BEGIN Given records

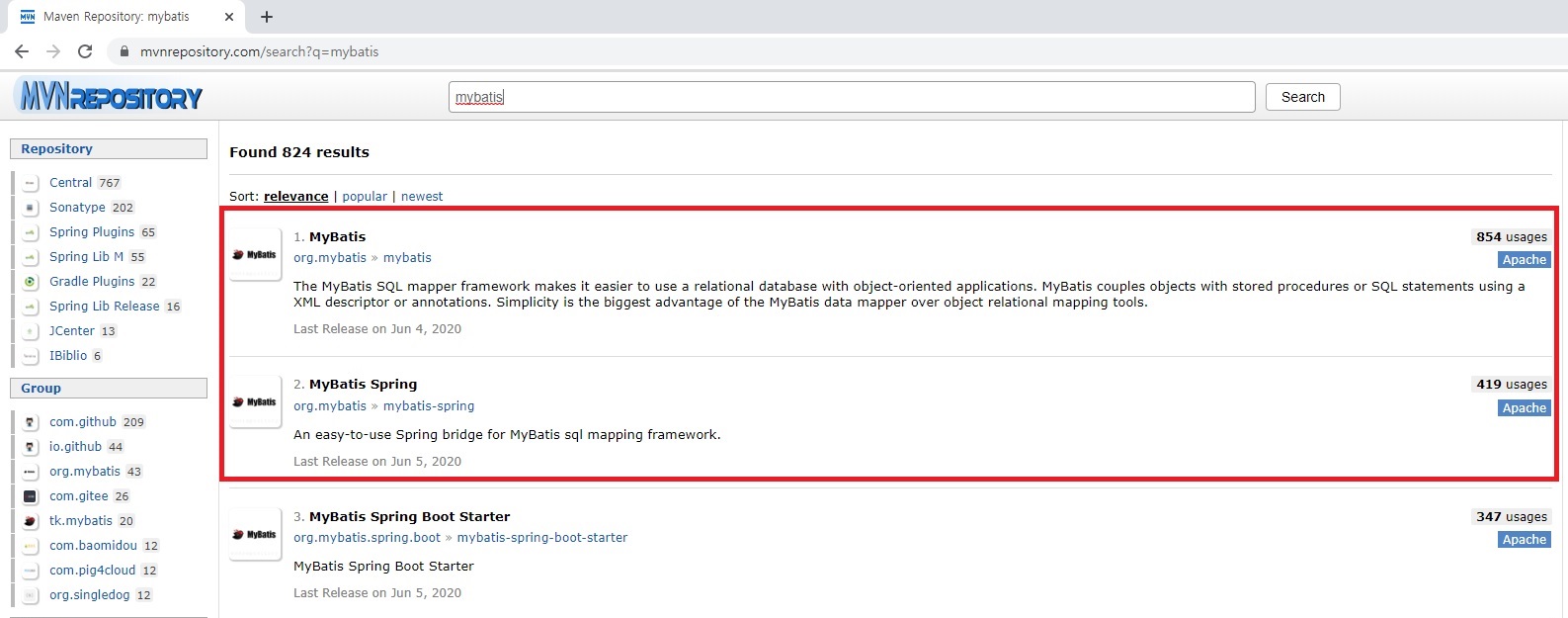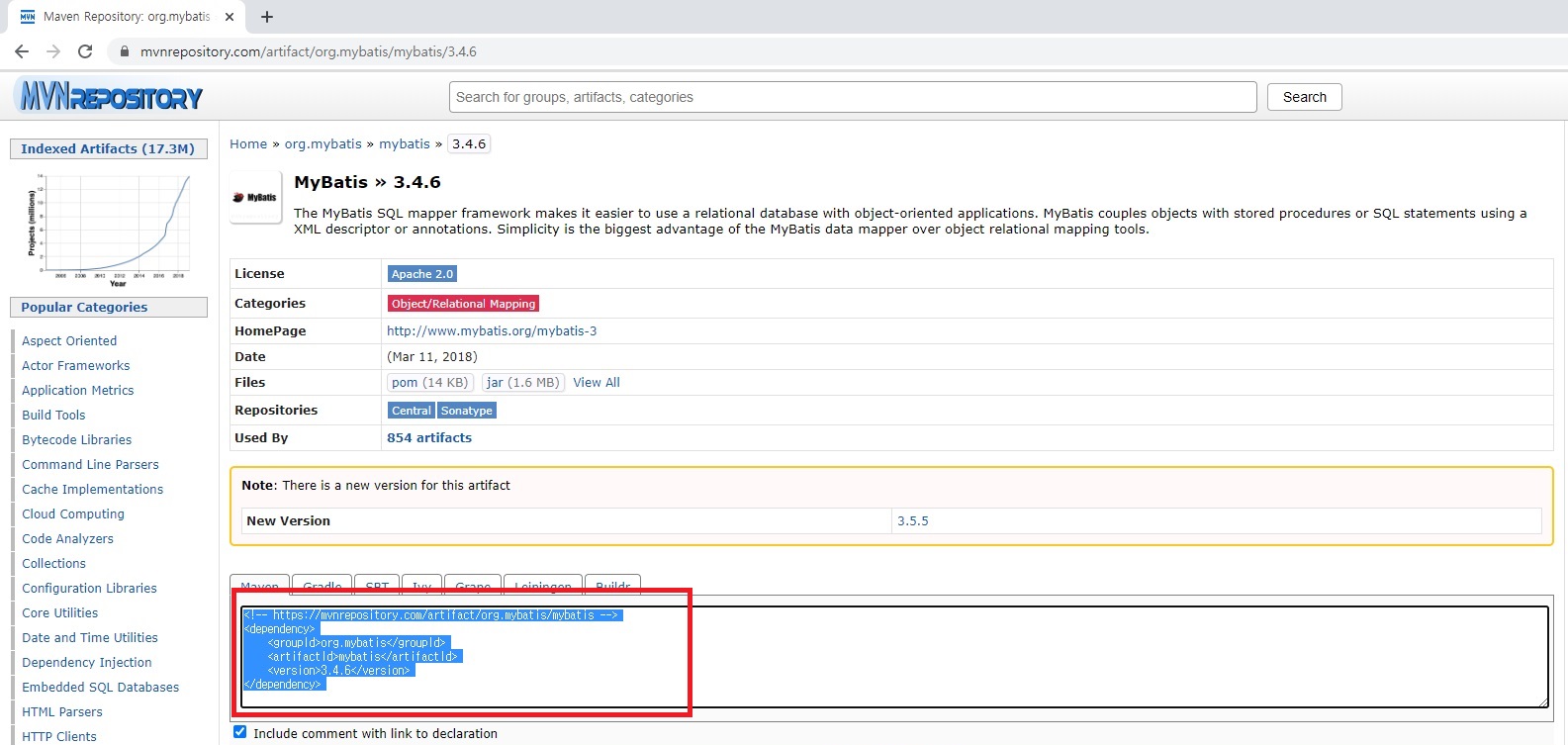 [추가] https://mvnrepository.com 이용, MyBatis 설정
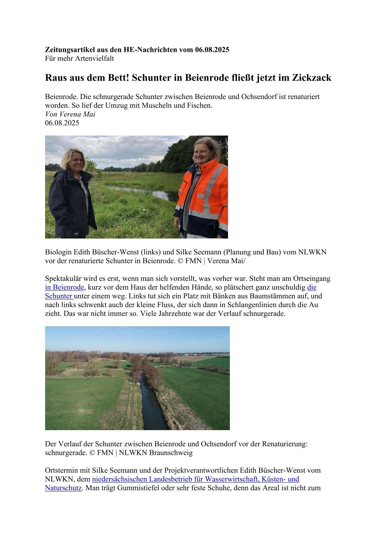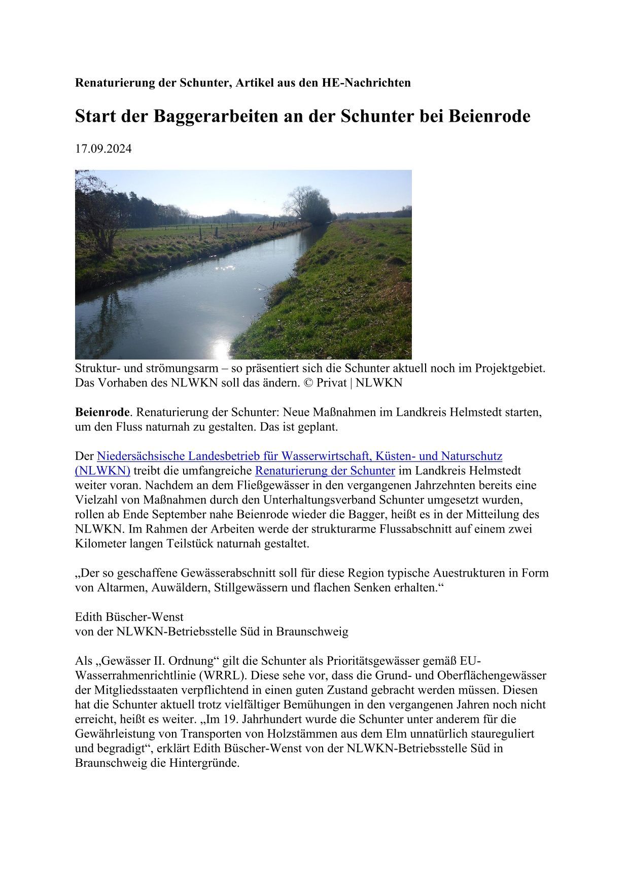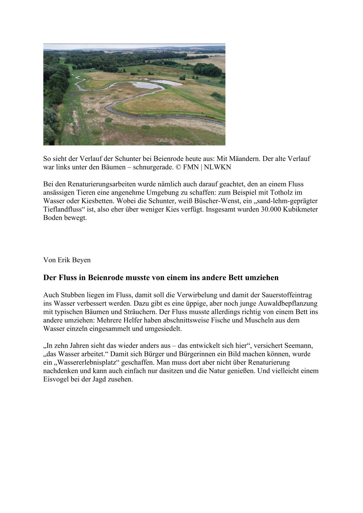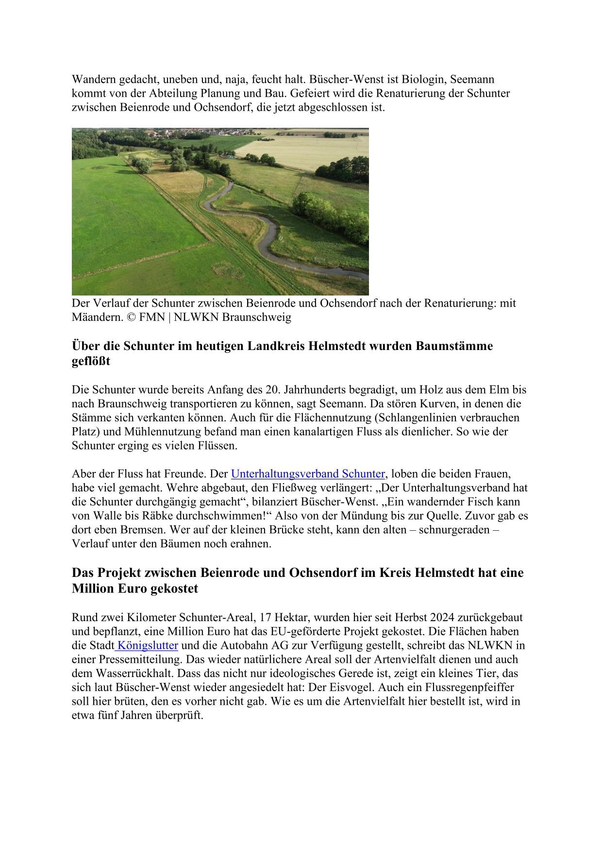 weiterer Bericht über die Renaturierung der Schunter, Gemarkung Ochsendorf - Beienrode
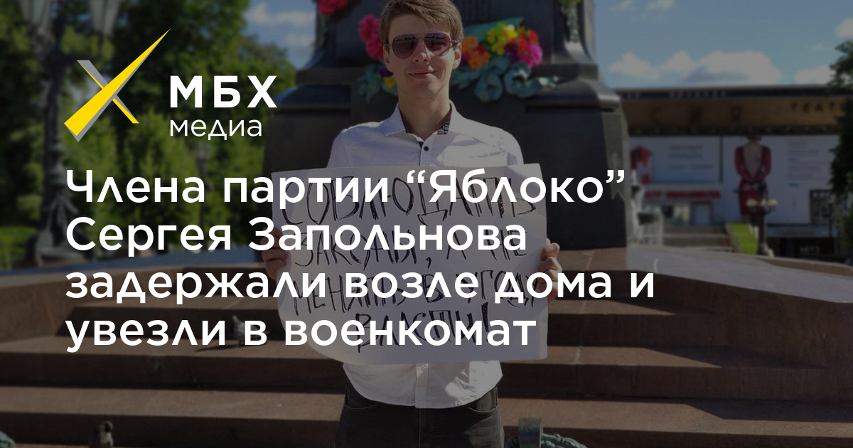 Активиста и члена партии «Яблоко» задержали Сергея Запольнова возле дома и увезли в военкомат. Об этом «МБХ медиа» сообщил заместитель председателя московского «Яблока» Кирилл Гончаров.
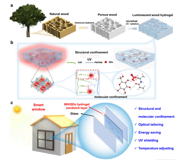 研究发现,该水凝胶体系展现出显著的协同纳米限域效应。一方面,木材骨架的多级孔道结构为量子点提供了物理限域空间,防止其聚集淬灭;另一方面,PNIPAM聚合物的酰胺基与纤维素羟基、量子点表面羧基之间形成的氢键网络,诱导量子点表面偶极极化并实现分子级钝化,显著减少了表面缺陷态的非辐射复合。这种结构与分子双重限域的协同作用,使WH/QDs水凝胶的光致发光强度显著高于单纯的PNIPAM/QDs水凝胶或多孔木材/QDs复合材料。此外,该水凝胶表现出可调谐的温敏发光行为,其机械性能也因氢键网络的增强而得到大幅提升。基于其各向同性的光散射特性和热致变色功能,研究团队进一步展示了该发光木基水凝胶在智能窗领域的应用潜力。该智能窗在低温下(<32°C)保持透明,允许阳光进入实现被动采暖;在高温下转变为不透明状态,有效阻隔太阳辐射并散射光线,实现室内温度调节。同时,量子点的引入赋予了材料优异的紫外屏蔽性能。该研究不仅深化了对木材纳米限域效应的理解,也为开发兼具光学调控与节能功能的先进木基功能材料提供了新思路。
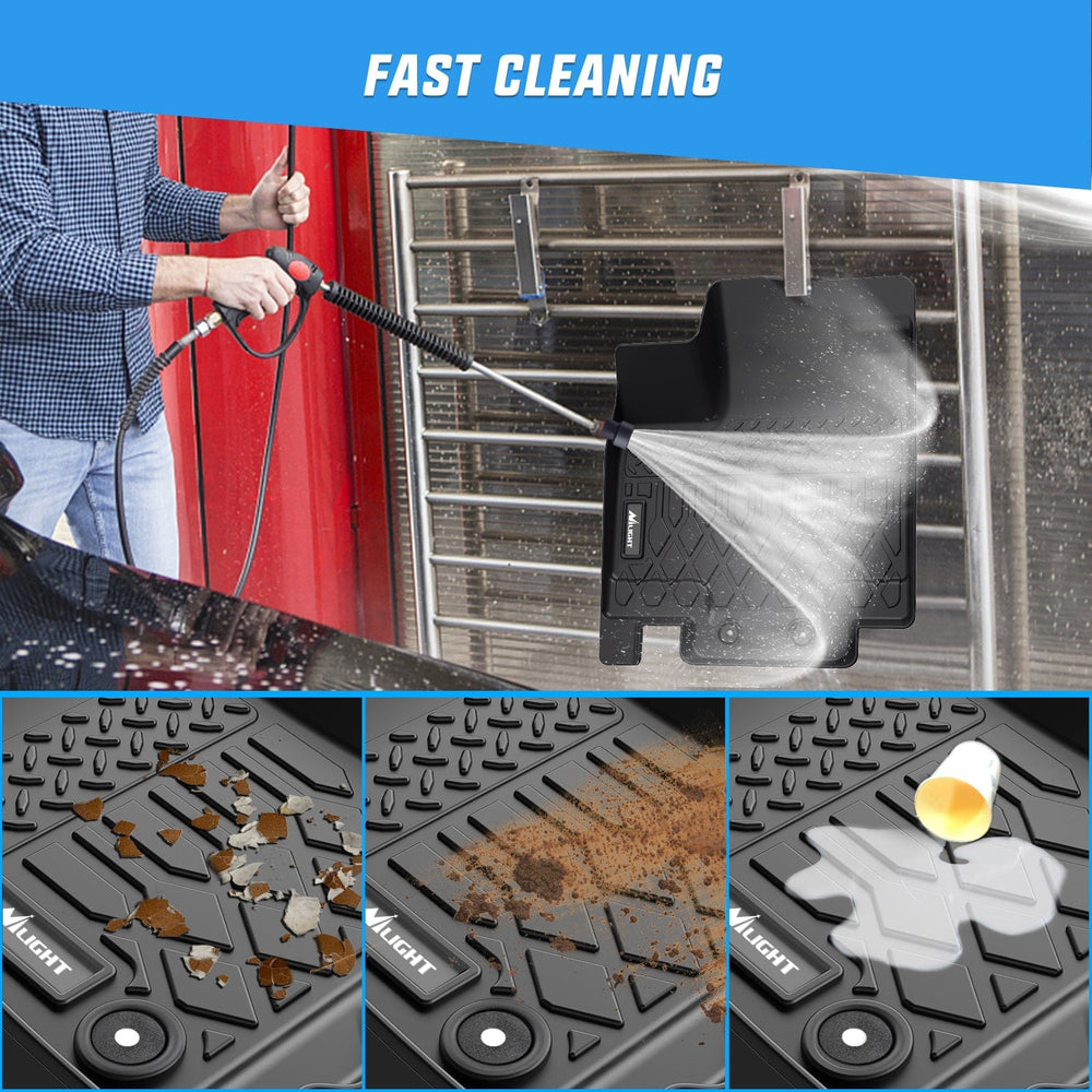 - Fast Cleaning: You can wash off messes that end up on your floor mats in seconds with soap and water. In some cases, a simple spray of the hose will do the trick.
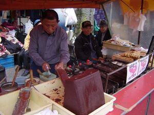 Azuki bean paste being used as a filling for taiyaki in Kyoto, Japan.
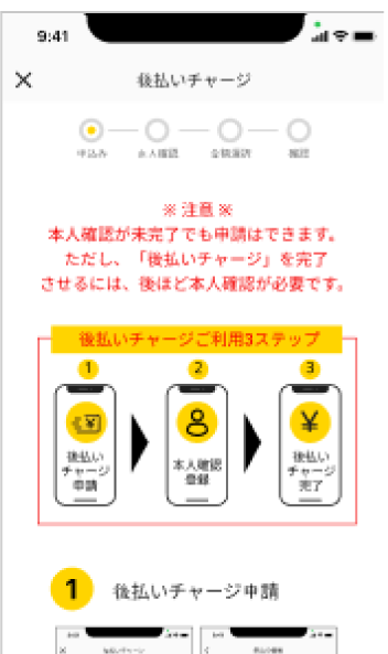 今回のアップデートで後払いチャージの申込み時点では本人確認が不要となり、お借入ができる方のみに後から本人確認をする形式に変更されました。
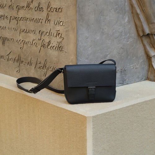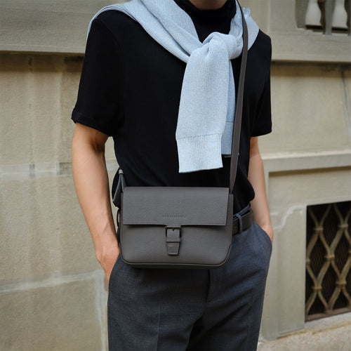 • 上質なシュリンクレザーを贅沢に使用した、バックルディテールがアクセントとして映えるクロスボディバッグ。
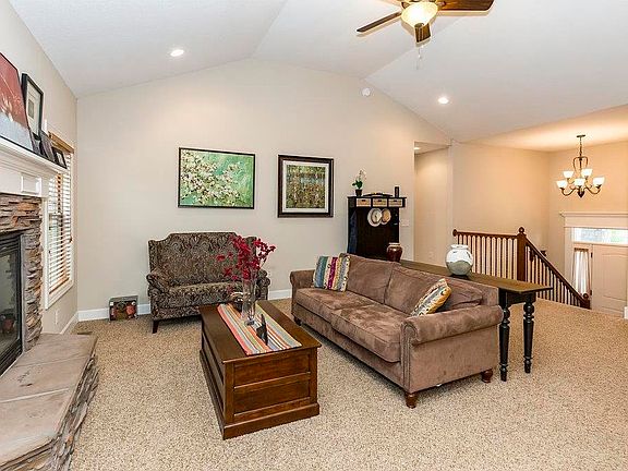 Great bi-level home near Langston Hughes Elementary & Rock Chalk Park w/easy access to I-70 & K-10 for commuters! Terrific floor plan invites you into this 4 bedroom, 3 bath, 2 living area home w/vaulted living room ceiling, granite kitchen counters & stainless steel appliances. Master bath features double sinks, jetted tub & oversized shower. 29' deep garage! Large covered deck (14x12) backs to treed area & is ready for year round enjoyment. Fully sodded yard w/sprinkler system.

END Given records

» Assigned task
Could you output exactly the lines above, from the line with "weiterer Bericht über" up to and including the line with "Активиста и члена", and nothing else, skipping the pictures?

» Response to the task
 weiterer Bericht über die Renaturierung der Schunter, Gemarkung Ochsendorf - Beienrode
 Активиста и члена партии «Яблоко» задержали Сергея Запольнова возле дома и увезли в военкомат. Об этом «МБХ медиа» сообщил заместитель председателя московского «Яблока» Кирилл Гончаров.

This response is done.